» **Work request**:
From the first line of the listing, copy each line exactly until you have included the line with "Kacey Arnold and"; leave out the pictures.
※
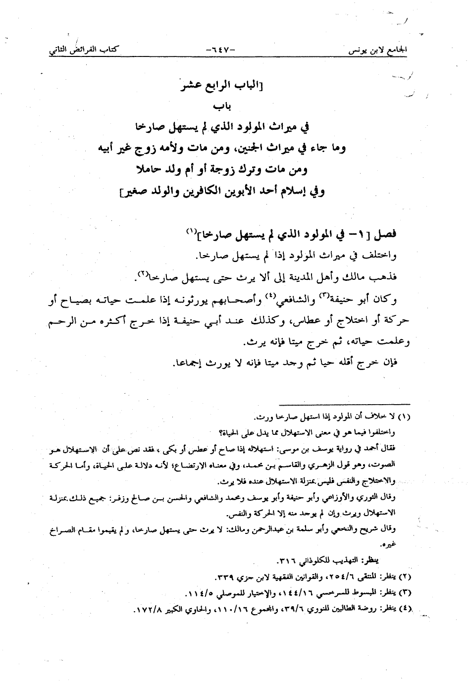 واختلف في ميراث المولود إذا لم يستهل صارخاً.
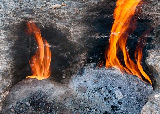 Полум'я, що горить понад 100 років, виходить із землі та підживлюється природним газом. Дивовижне геологічне явище призвело до того, що в індійському храмі Джвала Джі з'явився "вічний вогонь". Якщо відкинути всі місцеві легенди та фантастичні припущення, довговічність полум'я пояснюється наявністю метану, завдяки якому вогонь не згасає.
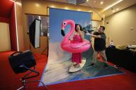 Kacey Arnold and Patrick Baca pose in an immersive photo booth
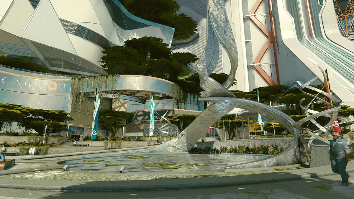 Starfield doesn’t have an in-game benchmark. For my settings research, I used an area in the starting zone of New Atlantis with the fountain and obelisk. It has a good mix of shadows, reflections, crowd density, and other taxing settings.
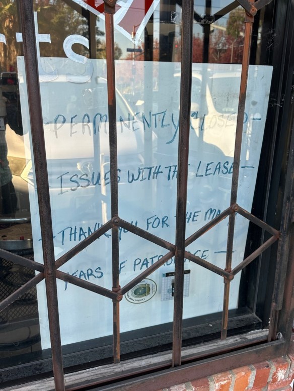 I heard from a concerned reader (Thanks Justin!) who was lamenting the closure of Treats Frozen Yogurt at 1700 Ocean Park Blvd. in Santa Monica. The icy confection shop was a neighborhood gathering spot and much beloved by locals. A gracious hand-written note on the front door thanks “family and friends” for a “decade of fun”. Sad.
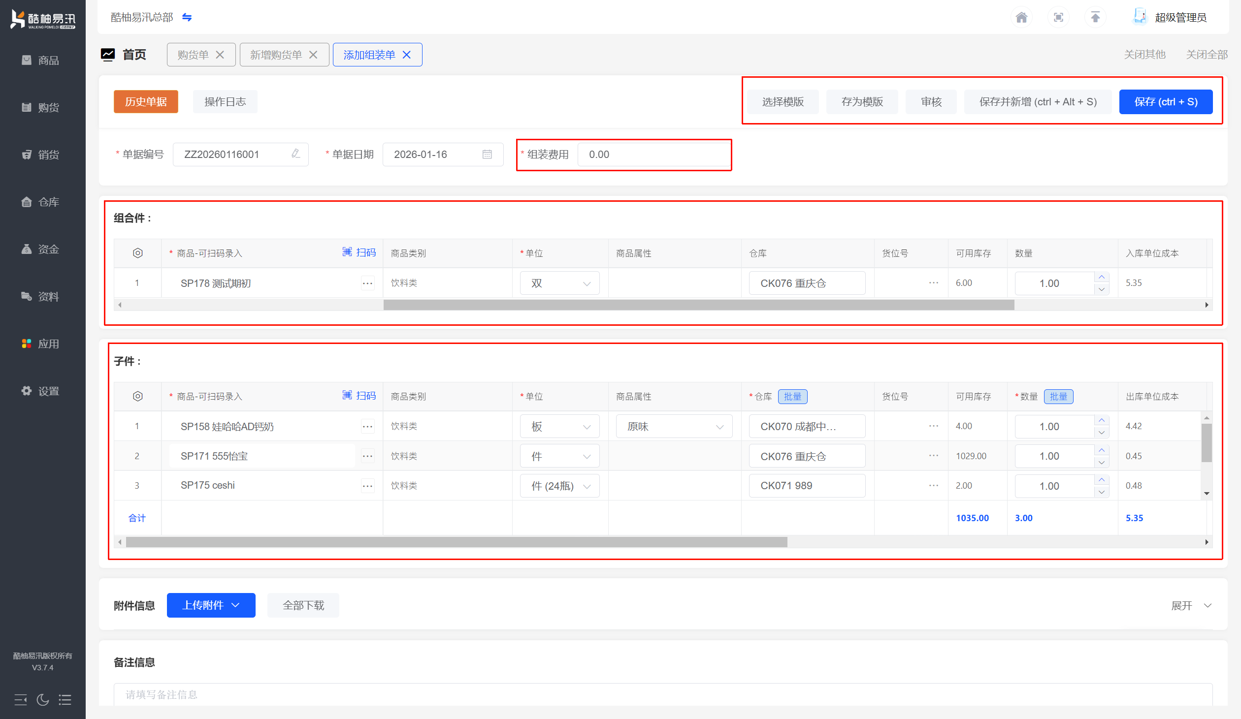 1️⃣点击【仓库】-【组装单】,录入组装商品及子件商品基本信息,点击【保存】;
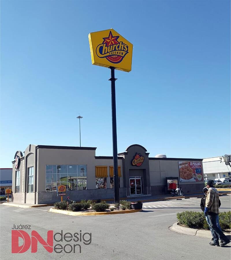 Churchs chicken: Reubicación y mantenimiento de anuncio luminoso tipo unipolar de nuestro cliente Churchs Chicken.
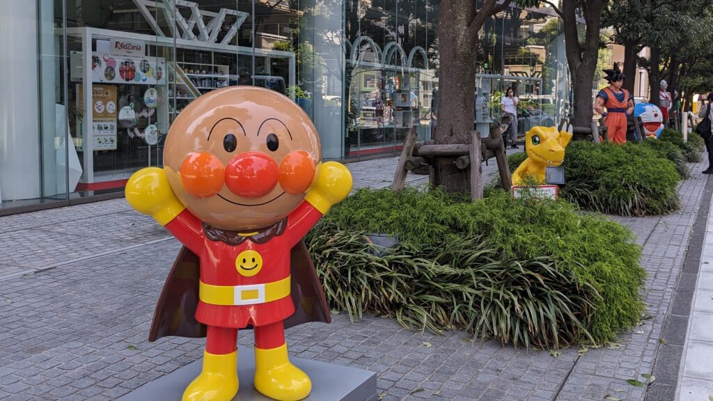 ビルの隣にはたくさんのキャラクターが並んでいて、大人も子供も一緒に写真撮影してましたよ。
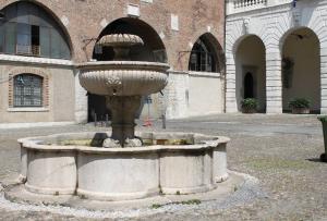 Fontana costituita da vasca polilobata e doccione a fusto centrale, con base circolare, fusto a volute e catino superiore a conca con terminazione a cupola.
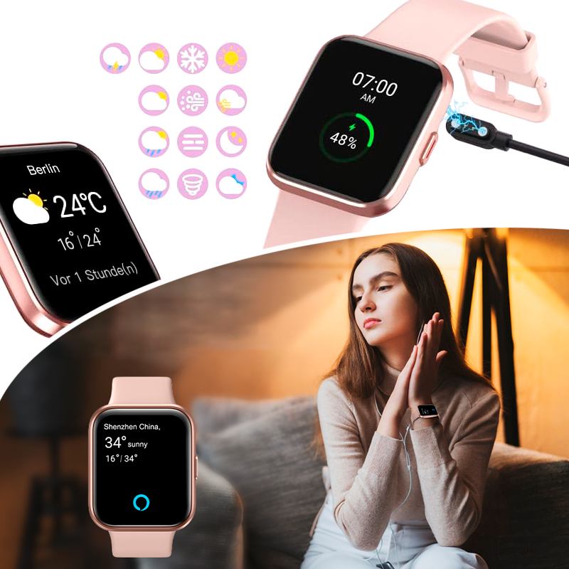 Внешний вид Smart Watch T500 Ligh Rose, качество изготовления и широкий функционал не оставит вас безразличным. Главной особенностью часов T500 является поддержка звонков по Bluetooth. Корпус смарт часов сделан из металла, на нижней части располагаются контакты для зарядки и оптический датчик.
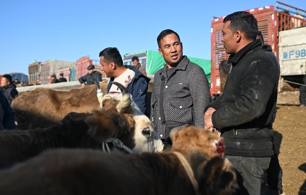 在新疆创锦黄公农产品交易市场,马军(右二)和售牛村民交流(12月1日摄)。新华社记者 胡虎虎 摄
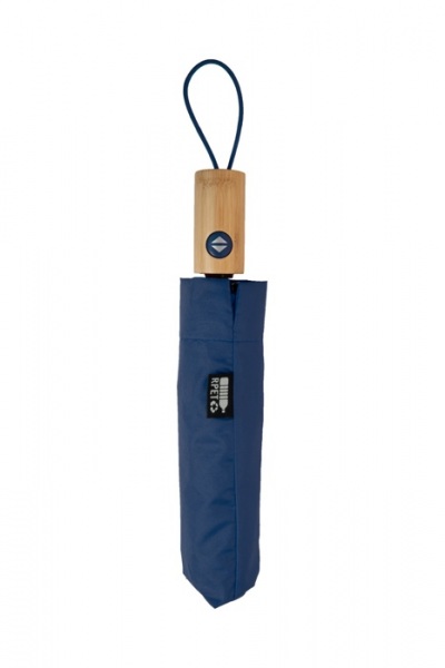 Plne automatický (open/close), vetruodolný skladací dáždnik s 8 panelmi v puzdre v zodpovedajúcej farbe. S kovovým rámom, sklolaminátovými rebrami a bambusovou rukoväťou. S výrazným štítkom RPET.
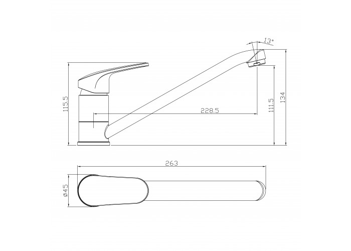 Смеситель для кухни с поворотным изливом, высота излива 11 см, длина 23 см RS45-21
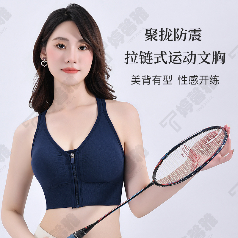 スポーツ型の美背の前のファスナーは振動防止の下着の女性のフィットネスのランニングの高弾の交差する背中の鋼の輪のブラジャーがありません。
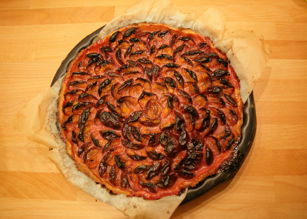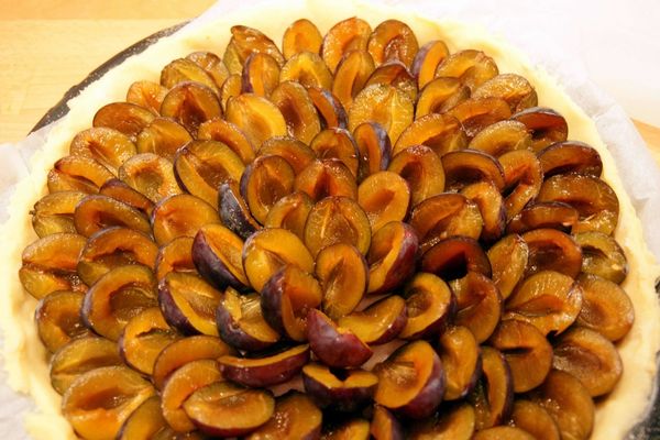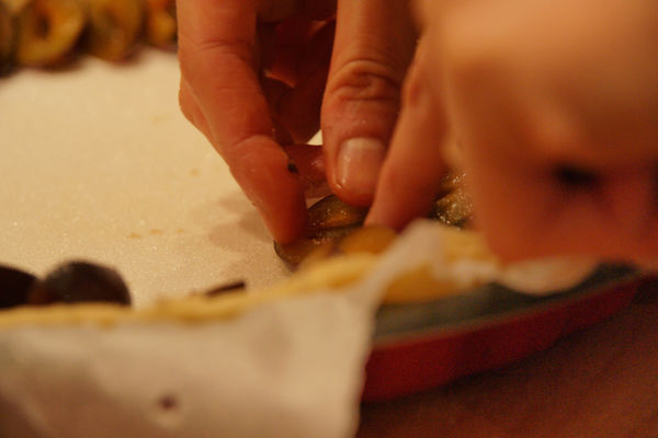 李子排滿整個塔皮,塞到不能再塞。李子多的是,小胖吩咐排滿點,不要有空隙。
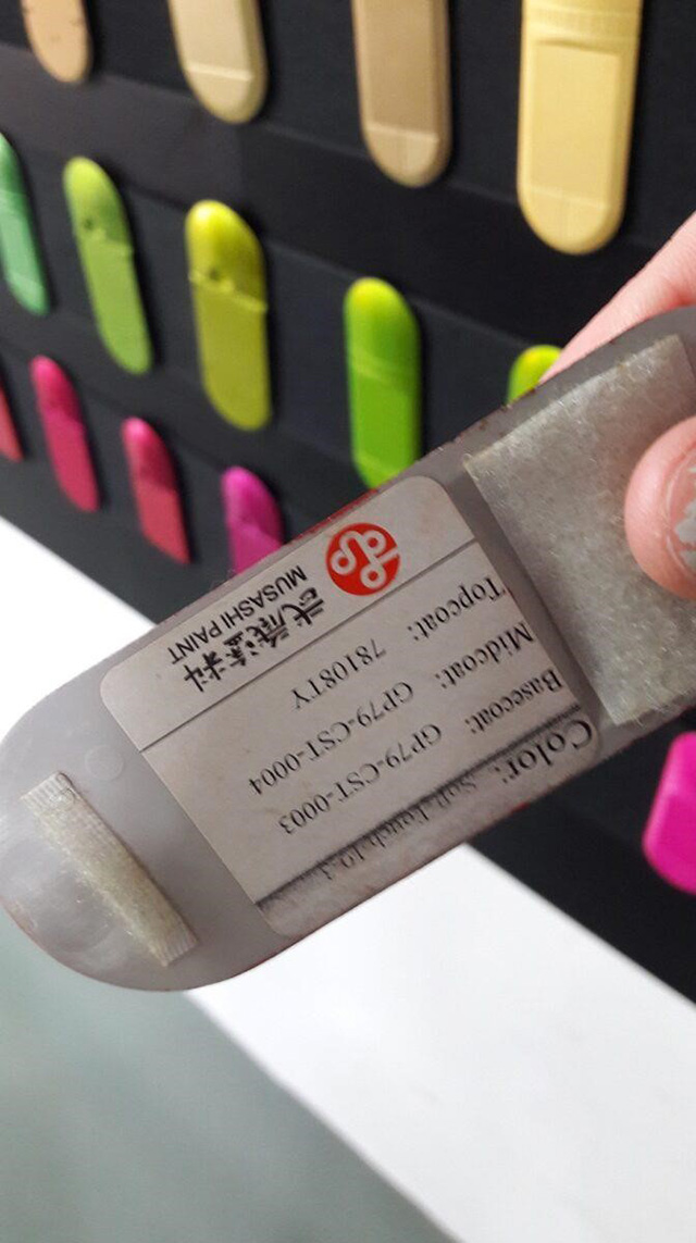 In some cases, customers will make initial contact with industrial designers. The designers will help them to refine their designs, link them to suppliers for the materials they need, and connect them to factories that can perform the required assembly. Figure 10 shows a library of mobile phone cases illustrating all the different colours and textures that are locally available. The reverse side of each case (Figure 11) displays a serial number linking the colour and texture to a particular supplier that can provide that specific material.
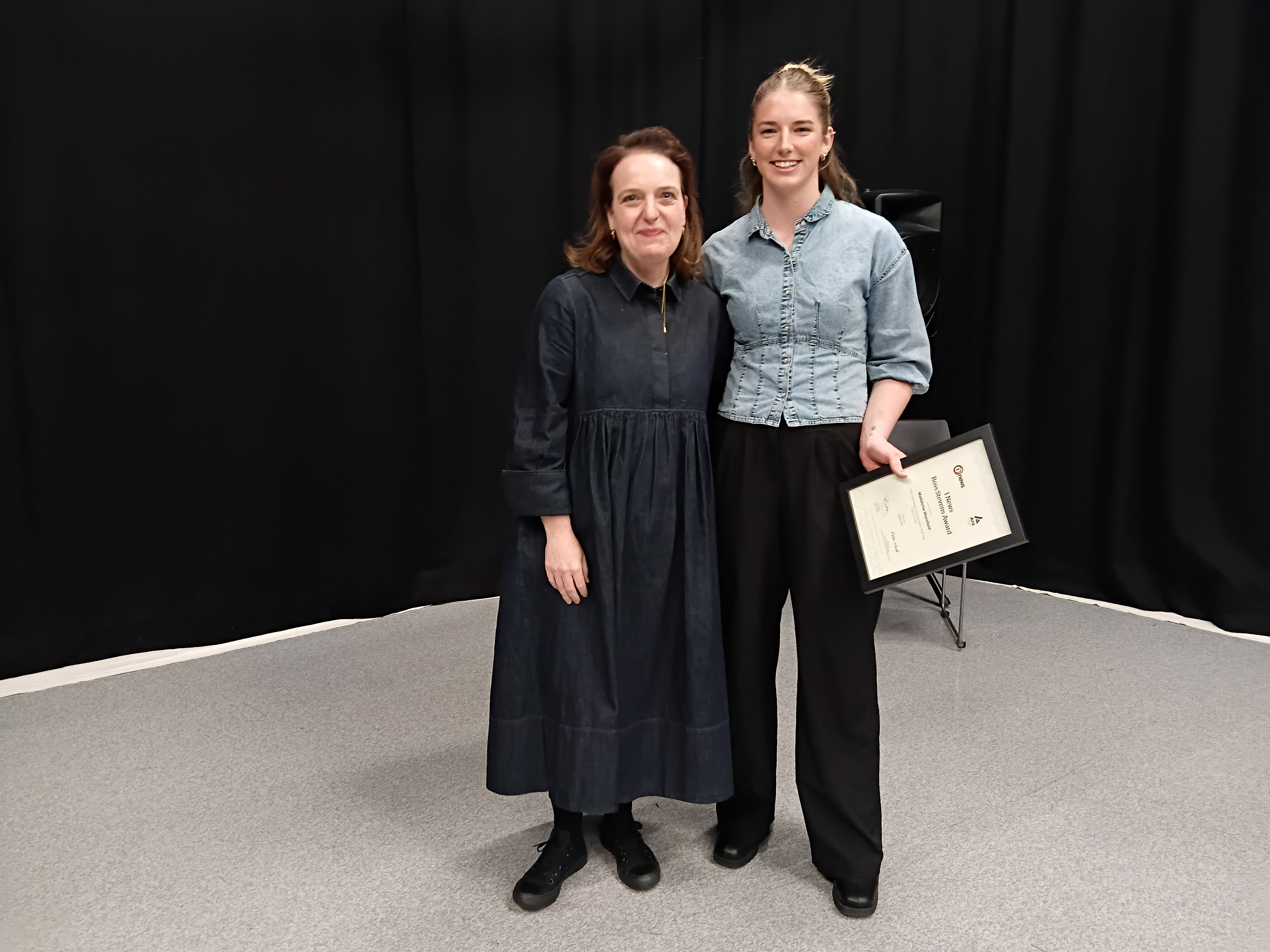 Left: Maddy's sights have long been set on becoming a sports reporter Right: With TVNZ’s Newsgathering Editor Laura Barnsley afer winning the Ross Stevens prize
※
» **Exercise result**:
 واختلف في ميراث المولود إذا لم يستهل صارخاً.
 Полум'я, що горить понад 100 років, виходить із землі та підживлюється природним газом. Дивовижне геологічне явище призвело до того, що в індійському храмі Джвала Джі з'явився "вічний вогонь". Якщо відкинути всі місцеві легенди та фантастичні припущення, довговічність полум'я пояснюється наявністю метану, завдяки якому вогонь не згасає.
 Kacey Arnold and Patrick Baca pose in an immersive photo booth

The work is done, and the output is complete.